The most recent cloud offering is serverless, which, obviously, gives up even more control in exchange for operational advantages. In serverless, you are sharing the database with countless others. Not only do you have no control, but even the cloud vendor has limited isolation between you and others. Isolation that depends purely on security controls within the database software. If there’s a bug or a mistake in those internal database controls, the walls vanish, and companies are exposed to the data of others. It is highly recommended not to store sensitive data in serverless environments.

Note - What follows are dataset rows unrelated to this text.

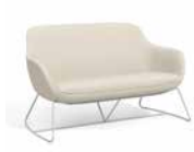
VAL147-WB Lounge Chair 47" W 56.5 D 30.75 H 31.25 Seat W 47 D 20 H 16.75 Arm H 24
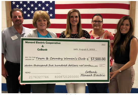
Town and Country Women's Club (TCWC)
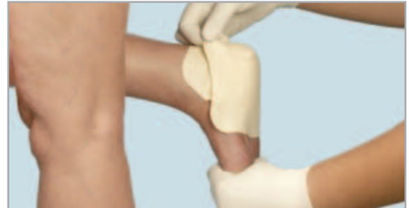
Heel application (Adhesive)

®/TM indicates trademarks of ConvaTec Inc. ©2009 ConvaTec Inc. AP-007036-MM
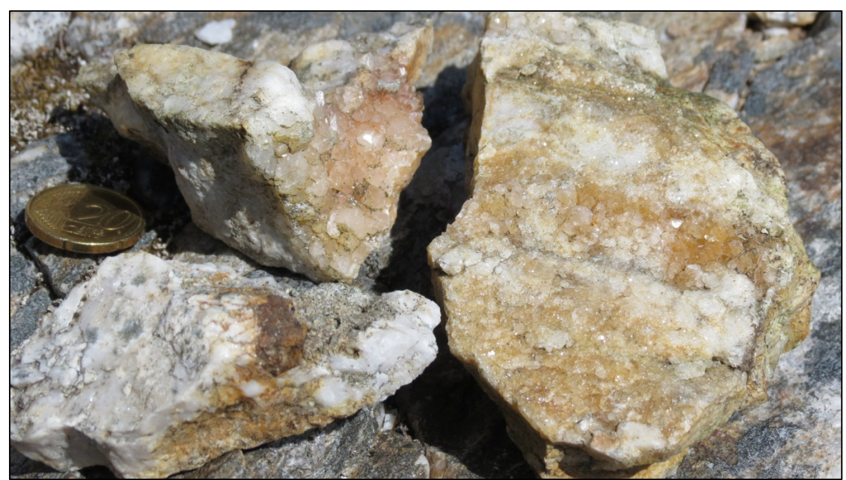
Samples of quartz at Kilgeever.

Using DBaaS (or serverless) is a convenience decision, not a security decision. It may be valid for some data in some organizations, but until cloud providers offer 3rd-gen visibility in DBaaS, the 1st-gen they currently offer is as good as it gets. Moving to a managed cloud remains a calculated risk – one where the more control you give up, the more you trade deep security for operational ease and increase your liability. Hopefully, in time and with customer demand, cloud providers will offer better control, visibility, and transparency into what’s happening in their environments.

Final Thoughts

While newer solutions and technologies offer many more capabilities, this article focused on the most basic requirements: capturing and processing data. While obvious and inescapable, older technologies fail to deliver even such fundamental essentials.

Information security is about the data. For years, the industry has been obsessed with antivirus and perimeter tools. While those have their place, we have to wonder: how did Information Security become more about firewalls and endpoints than protecting the Information? How do we fail to invest and upgrade old, obsolete technologies that are directly responsible for safeguarding our data?

You may only be looking for a compliance checkbox, and your current tech stack is sufficient to pass an audit. However, consider that auditor requirements evolve, and old tech won’t pass these audits forever. More importantly, remember that compliance is not security, and a breach is a far more devastating event than a failed audit. Wouldn’t it be wise to get actual security for the same price you’re currently paying for a compliance checkbox?

Protecting data is the core requirement of our craft. Staying behind the curve with legacy, overpriced solutions that offer partial visibility was never a good idea. With modern threats, failing to protect the data is no longer an option. The technologies you must have are available right now. You can protect your data today.The audit checkbox is a security blanket that doesn’t even stop the cold. If your defense technology cannot protect you, you aren’t “secure” – you’re just lucky. At least for now. Upgrade to a modern database security solution and control your future. It’s time to catch up.